Set a calendar reminder for every six months. When it triggers, spend an hour reviewing your accounts. Check your password manager. Scan your email for services you haven't used since the last review. Look at your phone's app list. Ask yourself: do I still need this? If the answer is no, delete it.
The process gets faster with practice. The first cleanup takes hours because you're dealing with years of accumulation. Subsequent reviews take thirty minutes because you're only evaluating six months of new accounts.
Some people maintain a spreadsheet tracking all their accounts, when they were created, when they were last used, and whether they're worth keeping. I don't do this, it feels like more work than it's worth, but if you like that level of organization, it's an option.
The key is making deletion the default for accounts you're not actively using. Don't keep an account "just in case." Don't keep it because closing it feels like effort. Don't keep it because you might want to check something in five years. If you can't articulate a specific, current reason to maintain the account, close it. You can always create a new account later if circumstances change. Creating a new account is easier than recovering from identity theft that traces back to a breach of a service you forgot you'd ever used.
The accounts you can't close
Some accounts are effectively permanent. Government services, for example. You can't delete your IRS account, your Social Security account, or your state's unemployment portal. Medical providers often won't delete patient records even if you request it, they're required by law to retain them for specific periods.
For these accounts, focus on security rather than deletion. Enable two-factor authentication if available. Use a strong, unique password. Set up breach monitoring for the associated email address. Review the account's security settings annually.
Financial accounts fall into this category too, though with more nuance. You can close bank accounts and credit cards, but doing so affects your credit history and might create complications if you have automatic payments tied to those accounts. Before closing financial accounts, ensure you've migrated all recurring payments, updated any services that have your card on file, and understand the impact on your credit score. For active financial accounts you're keeping, the same advice applies: strong security, regular monitoring, and annual reviews.
After the cleanup
Once you've closed your unused accounts, you'll notice the absence.
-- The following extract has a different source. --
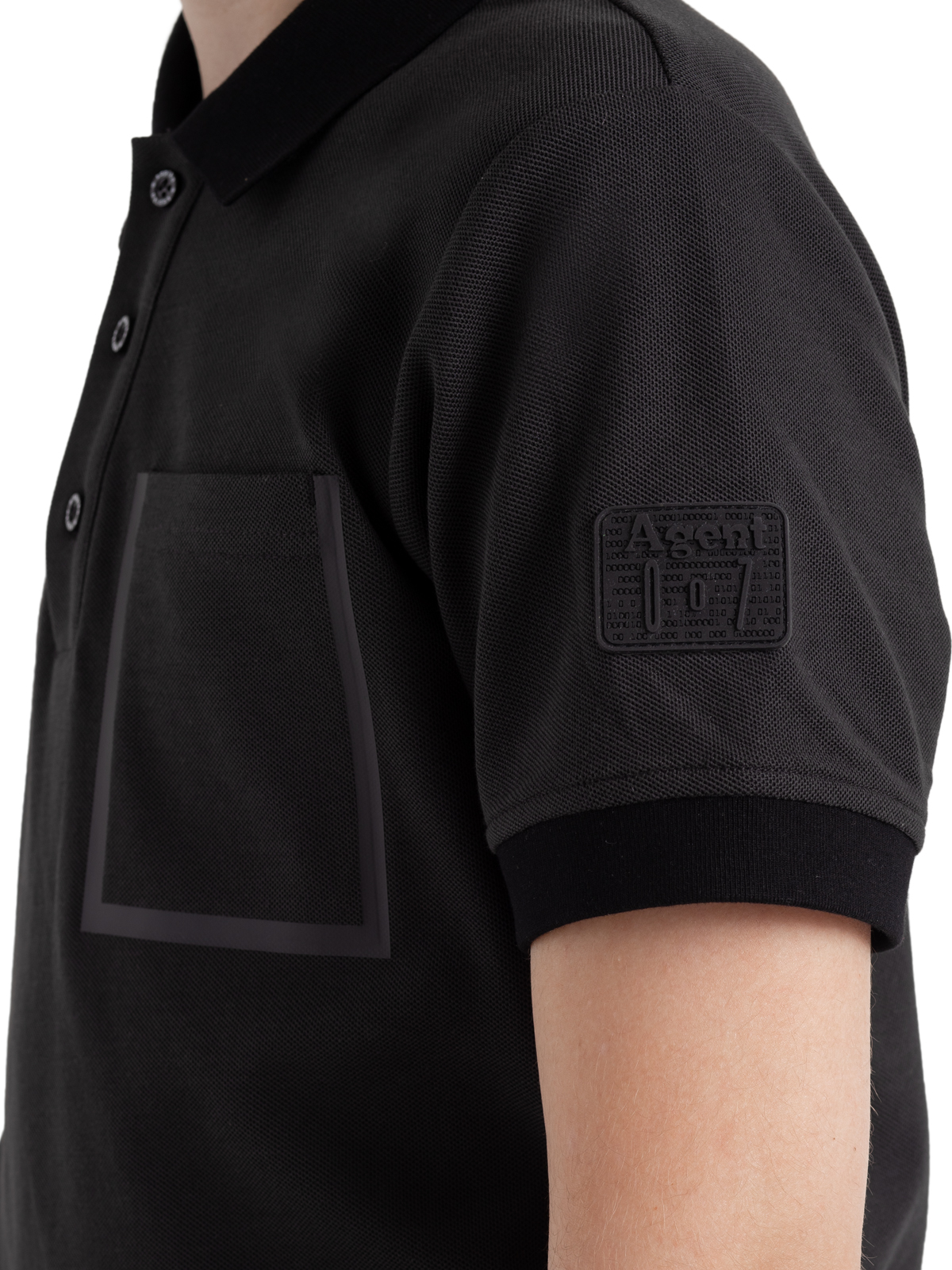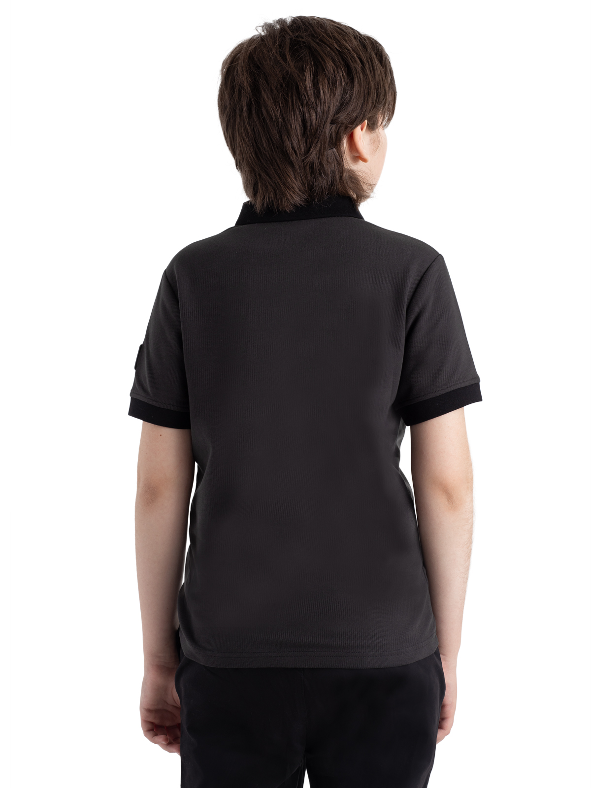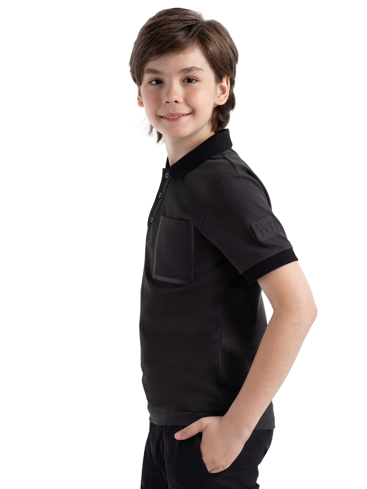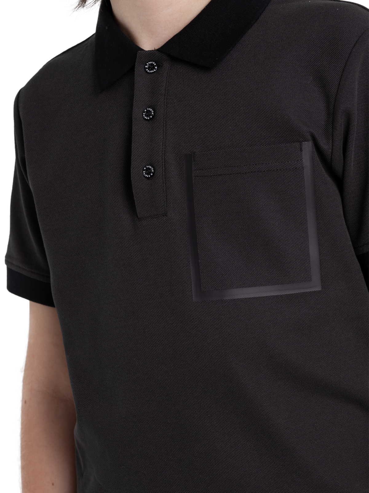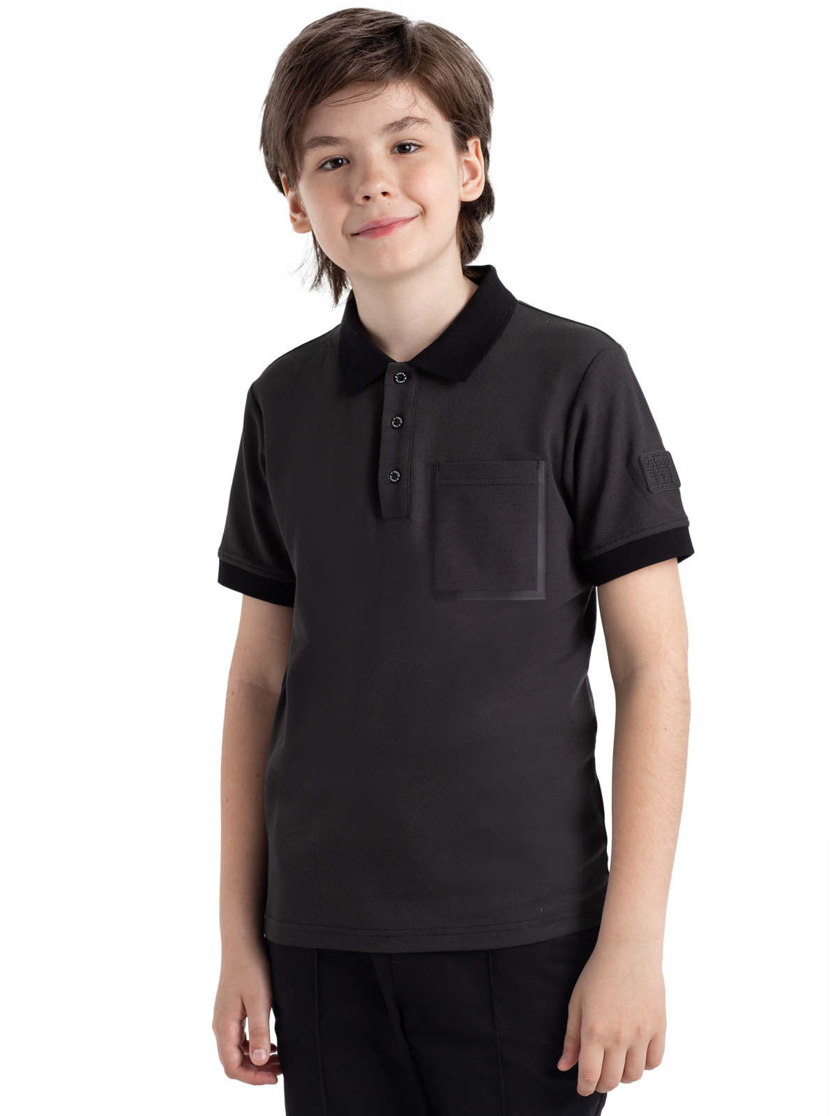 Футболка-поло для школы с коротким рукавом, отложным воротничком и застежками на три пуговицы выполнена из высококачественного хлопка черного цвета. Воротник и манжеты футболки-поло выполнены из риба. Дополнена силиконовым патчем на рукаве и функциональным кармашком на груди. Воротник школьного поло не теряет форму после стирки. Все швы аккуратно обработаны и не раздражают кожу ребенка.

Fewer password reset emails. Fewer breach notifications. Fewer services asking you to update your preferences or review their new privacy policy. Your inbox gets quieter. Your password manager gets shorter. The cognitive load of maintaining dozens of accounts you don't use drops to zero.
This isn't about achieving some perfect minimal state. It's about reducing unnecessary exposure. Every closed account is one less database that can leak your information. One less company that has to secure your data. One less credential that could be reused in an attack. One less thing to worry about when the next major breach hits the news.
The work isn't glamorous. No one will congratulate you for closing your old Tumblr account or finally deleting that meal-planning app you used for two weeks in 2022. But it's effective. It reduces risk in a measurable, concrete way. And unlike a lot of security advice, the results are permanent. Once an account is deleted, it's gone. You don't have to maintain it, monitor it, or remember it exists. That's worth the afternoon it takes to work through the list.